What Datum Labs Built?
The architecture we designed was built around a single governing constraint: no self-hosted infrastructure. Everything runs managed. Everything scales automatically. The team interacts with data, not with servers.
ClickHouse Cloud serves as the warehouse. It is the right choice here because ClickHouse is built specifically for analytical queries on large volumes of event data. Queries that would time out or require sampling in a general-purpose warehouse return results in seconds against ClickHouse, even on hundreds of millions of rows.
The ingestion layer works as follows. The existing analytics tool exports event batches to cloud storage on a regular schedule. A managed ingestion service picks those files up automatically and loads them into raw ClickHouse tables. There is no custom connector code to write or maintain. There is no streaming infrastructure to operate. The pipeline runs in the background without requiring attention.
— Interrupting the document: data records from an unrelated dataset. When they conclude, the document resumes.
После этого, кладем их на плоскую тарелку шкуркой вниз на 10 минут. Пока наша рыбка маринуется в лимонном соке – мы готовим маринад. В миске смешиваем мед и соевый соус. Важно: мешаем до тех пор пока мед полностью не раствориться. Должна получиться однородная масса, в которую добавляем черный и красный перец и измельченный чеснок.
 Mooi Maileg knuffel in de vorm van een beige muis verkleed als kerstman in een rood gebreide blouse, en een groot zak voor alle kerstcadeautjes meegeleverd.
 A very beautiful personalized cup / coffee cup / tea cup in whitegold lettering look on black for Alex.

On top of the raw event tables, a structured transformation layer processes data into clean, business-ready models. The approach uses incremental logic throughout. Because product event data is append-only, each transformation run only needs to process new events rather than reprocessing the full history. This keeps compute costs predictable and run times short even as the dataset grows.
The final layer is the analytics surface itself. A BI tool connects directly to ClickHouse, giving business users a clean dashboard experience for standard product metrics. Analysts who need to go deeper write SQL directly against the mart tables. Both surfaces draw from the same governed data layer, which means product, growth, and engineering see the same numbers.
How the Rollout Happened?
The engagement moved in three stages.
First, our team mapped the existing analytics setup, understood the event schema, and defined the core product metrics the team needed to trust. This was not a long discovery phase. The team had a clear sense of what they needed. The work was about translating that into a data model.
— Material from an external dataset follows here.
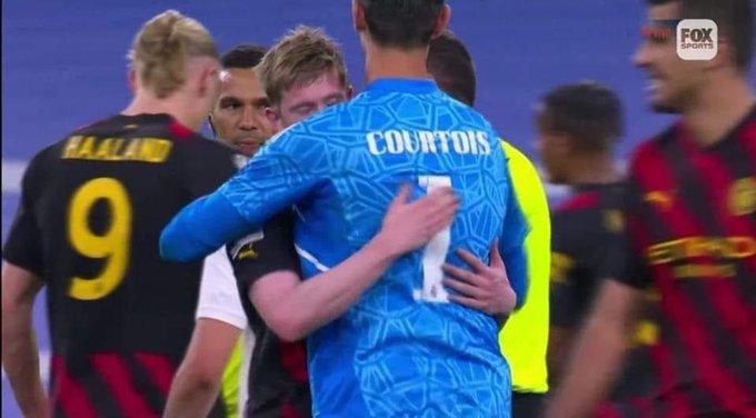 وأظهرت لقطات تلفزيونية عناق كورتوا ودي بروين بعد المباراة التي انتهت بتعادل الفريقين بهدف لمثله، على ملعب “سانتياغو برنابيو”.

Second, the ingestion and warehouse layers were stood up and validated. Raw events began flowing into ClickHouse. Data accuracy was checked against the source system before any transformation work began.
Third, the transformation layer was built incrementally, starting with the metrics the team used most frequently — activation rates, feature adoption funnels, retention cohorts — and expanding from there. Dashboards were connected once the underlying models were stable and tested.
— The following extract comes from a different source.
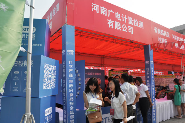 6月13日上午,2016年河南省食品安全周啟動儀式在河南省人民會堂室外廣場隆重舉行,河南省人大、省政府、省政協領導出席,食品安全有關部門、新聞媒體、行業協會、大中型企業等各界代表參會,廣電計量作為食品安全技術支撐單位受邀參與本次活動。當天,主辦方在現場舉辦食品安全宣傳咨詢、成果展示活動,有關食品安全監管部門、相關企業、技術機構等設置咨詢臺和展示點,發放食品安全宣傳資料,接受群眾咨詢。廣電計量現場宣傳咨詢點設在食品安全監管宣傳咨詢活動展區,主要突出食品安全技術支撐方面的展示,吸引眾多領導、食品農產品專家、社會公眾及媒體記者駐足交流。

The full architecture was live and in daily use within a few weeks.
What Changed for the Team?
The difference was not subtle.
Before, answering a product question meant navigating the limitations of the native query interface, waiting for a scheduled export, or asking engineering for a manual data pull. Every approach had friction. None of them allowed the spontaneous, exploratory analysis that good product work requires.
After the new architecture was in place, the experience changed:
Cohort analysis that previously required a premium feature tier became a standard query against a mart table
Funnel comparisons across different time periods and user segments ran in seconds rather than timing out
Metric definitions were documented and consistent — everyone working from the same model rather than their own interpretation
New questions could be answered without escalating to engineering or waiting for a data export
Nobody on the team manages infrastructure. There are no query limits to work around. When event volume grows, ClickHouse Cloud scales to match. When a new metric definition is needed, it is a pull request to the transformation project, not a conversation with a vendor.
The stack is intentionally simple. That simplicity is a feature, not a limitation. It means the team owns their data foundation without being burdened by it.
Company Overview
A product-led SaaS company that instruments every user interaction across onboarding, feature adoption, and retention. The team runs on event data and needed a queryable analytics layer that could keep pace with growing event volume without adding operational overhead.